Surging 0.09 percentage points to 5.20%, the two-year Treasury yield, which reflects expected interest rates, reached its highest level since 2006. The sell-off was triggered by signs of resilient US consumer spending, raising fears that the Federal Reserve may further increase borrowing costs to combat inflation.

The benchmark 10-year Treasury yield, an influential financial indicator, surged up to 0.15 percentage points to 4.85%, close to its recent peak of 16 years. Global debt markets were rocked by concerns over sustained high interest rates.

The bond market unrest followed a temporary reprieve as the conflict between Israel and Hamas prompted increased demand for safe assets such as Treasuries.

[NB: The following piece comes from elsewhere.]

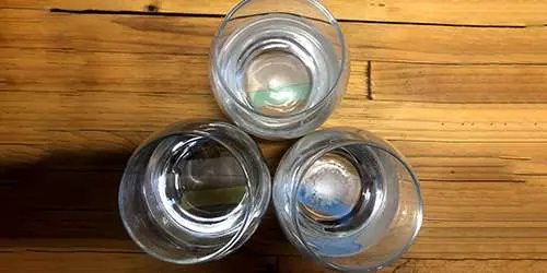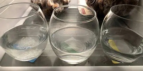 The below images show three samples of water. I have added copious amounts of sodium chloride to one solution, and magnesium sulfate to the other. The third is clean tap water. I then place them in the freezer overnight.
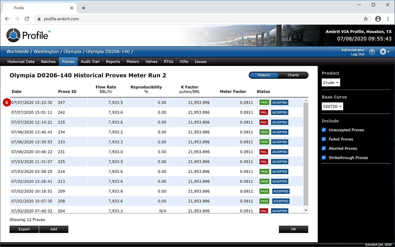 When Approve™ is activated in Profile™, the proves list can be displayed for all meters or by specific meter:

“The US retail sales data was exceptionally strong, which explains the rebound in yields,” commented Peter Schaffrik, global macro strategist at RBC Capital Markets. “It seems that after the Israel conflict, many investors bought into the market and have once again taken the wrong position. In the grand scheme of things, [the conflict] doesn’t appear likely to significantly impact the US or European economy.”

Recent commerce department figures revealed that US retail sales rose 0.7% in September, surpassing analysts’ expectations and extending a streak of robust economic data.

As a result, swaps markets now indicate a roughly 50% likelihood of a further rate hike by the end of the year, up from 37% on Monday. Investors are also anticipating fewer rate cuts by the end of 2024 compared to earlier projections.

“The data between the last [Fed] meeting and now includes strong payroll numbers, robust core CPI, and impressive retail sales,” explained Eric Winograd, senior economist for fixed income at AllianceBernstein. “If you are the Fed and genuinely dependent on data, how can you not raise rates?”

On Thursday, Fed chair Jay Powell is scheduled to address the Economic Club of New York, potentially offering insights into officials’ perspectives ahead of the central bank’s upcoming meeting in two weeks.

Government bond yields in Europe followed the upward trend set by US Treasuries. Ten-year German Bund yields, which serve as the eurozone’s borrowing benchmark, rose by 0.1 percentage points to 2.88%. Italian yields climbed 0.16 percentage points to 4.92%.